Synopsis
A Reporter Reflects began as essays Brian Duffy posted on his blog about living in a nursing home during a pandemic. Significantly expanded and revised, the memoir contrasts Brian’s present situation with his life before he suffered a stroke in 2014. Brian was a reporter for The Miami Herald, The Washington Post and The Wall Street Journal, editor of U.S. News & World Report and managing editor for news at National Public Radio. In Washington he covered the FBI and the CIA. He shared newspaper bylines with Bob Woodward and Carl Hiaasen, and knew and/or interviewed many famous people, from Muhammad Ali to James Comey to Madeleine Albright. As a journalist he traveled to Haiti, Afghanistan, Pakistan, Iraq, Mozambique and elsewhere.
The book is divided between alternating sections of present tense nursing home stories and past tense stories of Brian’s life, with the sections arranged more or less chronologically. The contrast between the two sections is stark, which gives the book a powerful human-interest angle. After rising to the top of his profession, Brian now can’t walk unaided and his fine motor skills are gone, so he can’t type or write and needs to dictate his work into his phone.
In addition to being chock-full of fascinating stories, A Reporter Reflects is an inspiring testament to the human spirit and the refusal to give up in the face of adversity.
About the Authors
Brian Duffy was a reporter for The Miami Herald, The Washington Post and The Wall Street Journal, editor of U.S. News & World Report and managing editor for news at National Public Radio. In Washington he covered the FBI and the CIA. Duffy shared newspaper bylines with Bob Woodward and Carl Hiaasen, and knew and/or interviewed many famous people, from Muhammad Ali to James Comey to Madeleine Albright. As a journalist he traveled to Haiti, Afghanistan, Pakistan, Iraq, Mozambique and elsewhere. He is the author of a novel, Head Count, and co-author of four nonfiction books. Duffy has received numerous professional awards, among them the Harvard University Goldsmith Award for Investigative Journalism, the Overseas Press Club Award (three times), the Edwin M. Hood Award for Diplomatic Reporting, the National Headliner Award, and the Heywood Broun Award. He is a three-time Pulitzer Prize nominee.

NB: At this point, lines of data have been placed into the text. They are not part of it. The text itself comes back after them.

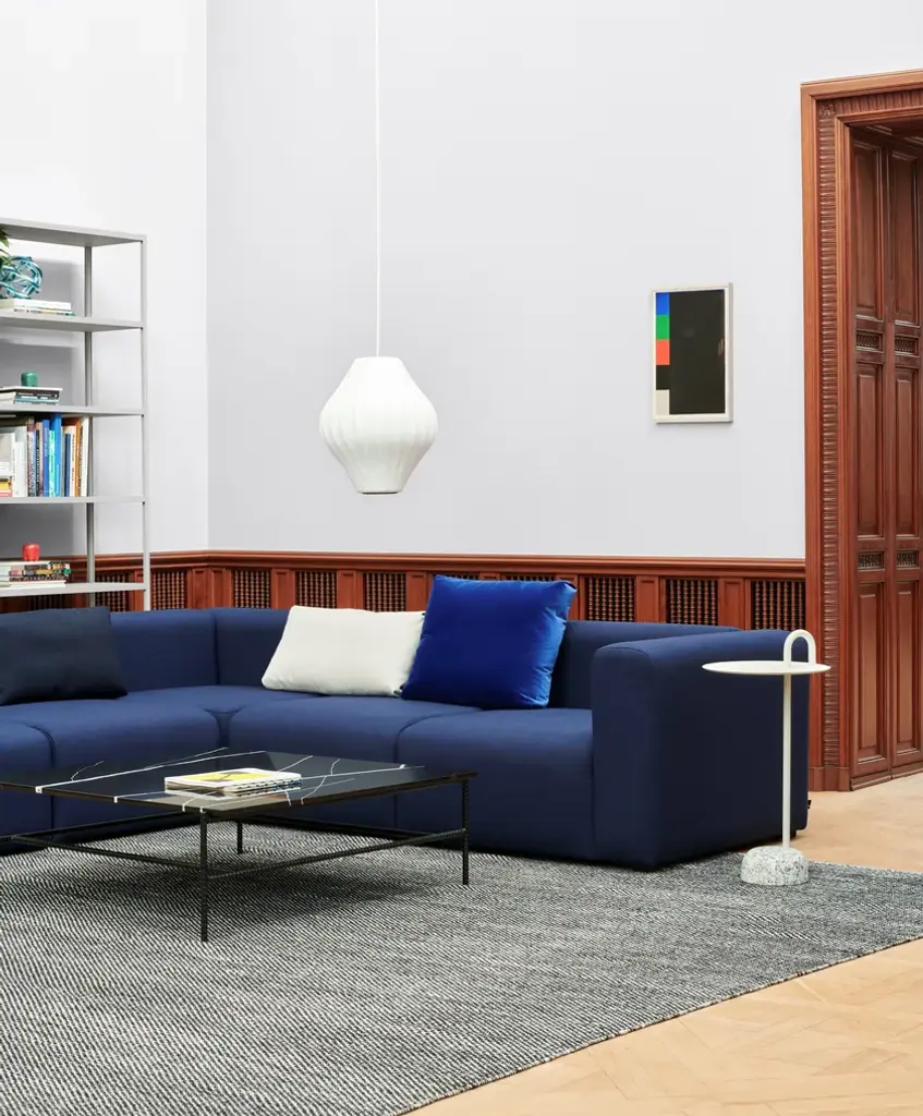 Designed with maximum comfort and minimum details, the Mags sofa combines strong aesthetics with timelessness to create a HAY classic. Keeping superior comfort and quality in mind, Mags is built using a solid construction with durable, high-density foam and interior padding for optimal longevity. The low frame has a distinctly lounge feel, which is reinforced by the deep seats and results in an open, welcoming space. The wide range of functional modular units mean the sofa can be fully customised with chaise longue, corner modules or additional seats to suit any room or purpose, while the upholstery options enables the sofa to find its own personality. Frame: Hardwood plywood frame. Seat, back & armrest: Polyurethane foam. Legs: Black stained beech legs with felt pads.
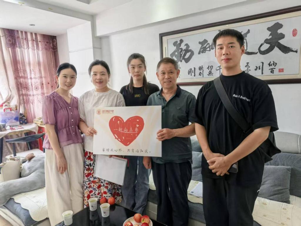 在曹同学家中,学生科科长胡自爱与其外公亲切交谈。老人欣慰地表示,曹同学从小懂事孝顺,主动分担家务。年级辅导员杨倩回应,曹同学在校期间品学兼优,勤奋刻苦,是同学们学习的榜样。双方就学生未来的学业与职业发展规划进行了愉快的交流。
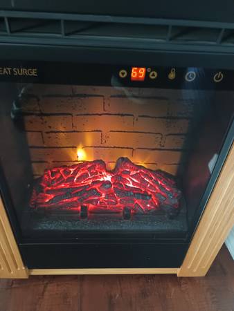 Portable fireplaces heater easily moves from room to room when needed. Great portable heat. Height 25 inches width 18 inches depth 12 inches. In excellent working condition.heater, heat electric...
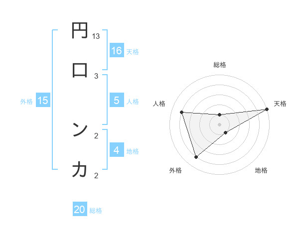 円口 ンカさんの総格は20画の1点!
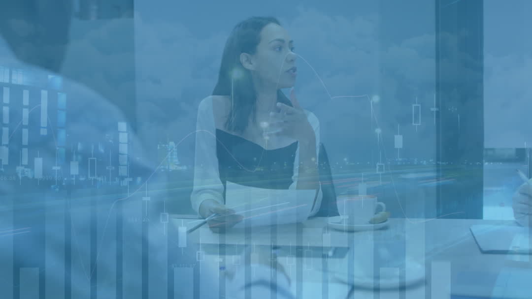 Dynamic video shows diverse team collaborating in an office, reflecting integrated data processing against backdrop of cityscape. Useful for promoting global business strategies, technology integration in workplaces, and modern financial services. Ideal for webpages highlighting team collaboration, business innovation, or data-driven solutions.
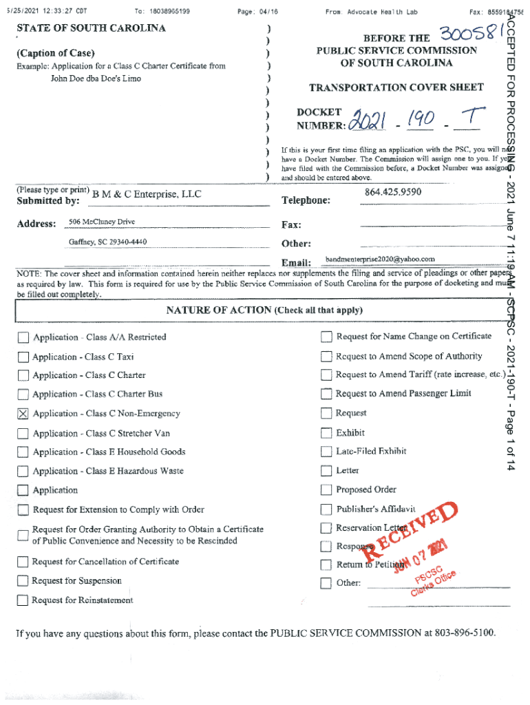 To: 18038965199CDTPage: 04/16From; Advocate Health Lactate OF SOUTH CAROLINA(Caption of Case))Example: Application for a Class C Charter Certificate from John Doe DBA Doe\'s Limo))))BEFORE THE PUBLIC
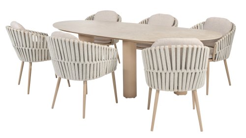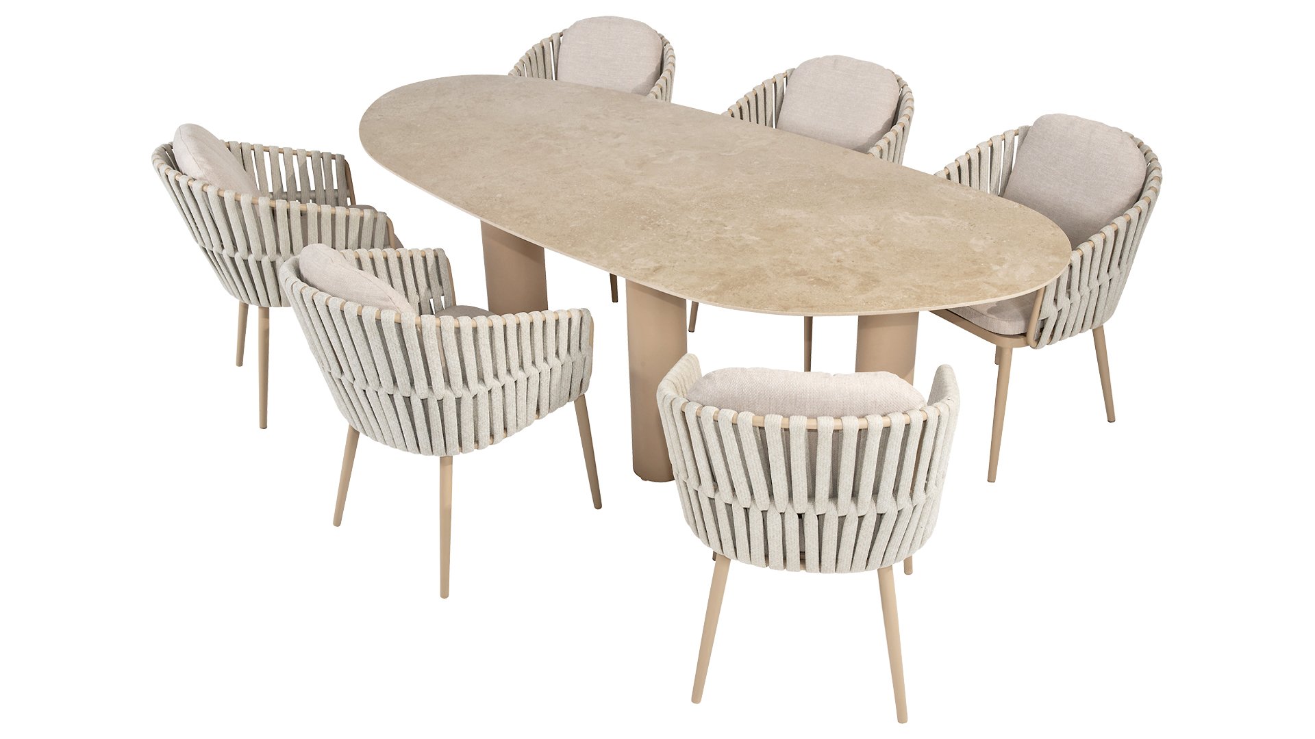 Passion for Eva Designed with attention to detail. The thick, soft rope bands follow the beautiful organic shape of the frame. Add to that the wonderfully comfortable cushions and you'll understand why we are enthusiastic about the Taste by 4 Seasons Outdoor Eva lounge & one dining set. The Taste 4SO Eva dining chair has a modern appearance. The chair comes with soft cushions and features a contemporary aluminum frame with matching latte rope upholstery. The thick rope beautifully complements the latte frame and, together with the cushions, provides comfortable seating. A color that is best described as tasteful beige.

Tom Hazuka has published a memoir, If You Turn to Look Back, the novels The Road to the Island, In the City of the Disappeared and Last Chance for First, seventy short stories and two books of nonfiction, both co-written with C.J. Jones. He has edited or co-edited ten anthologies, including Flash Fiction, Flash Fiction Funny, Flash Nonfiction Funny, Sudden Flash Youth, A Celestial Omnibus, You Have Time for This, Flash Nonfiction Food and Operation Panic: Cold War Stories of the Atomic Bomb (forthcoming in 2024). Tom is also a singer-songwriter; links to his writing and original songs can be found at tomhazuka.com. He taught fiction writing at Central Connecticut State University for many years.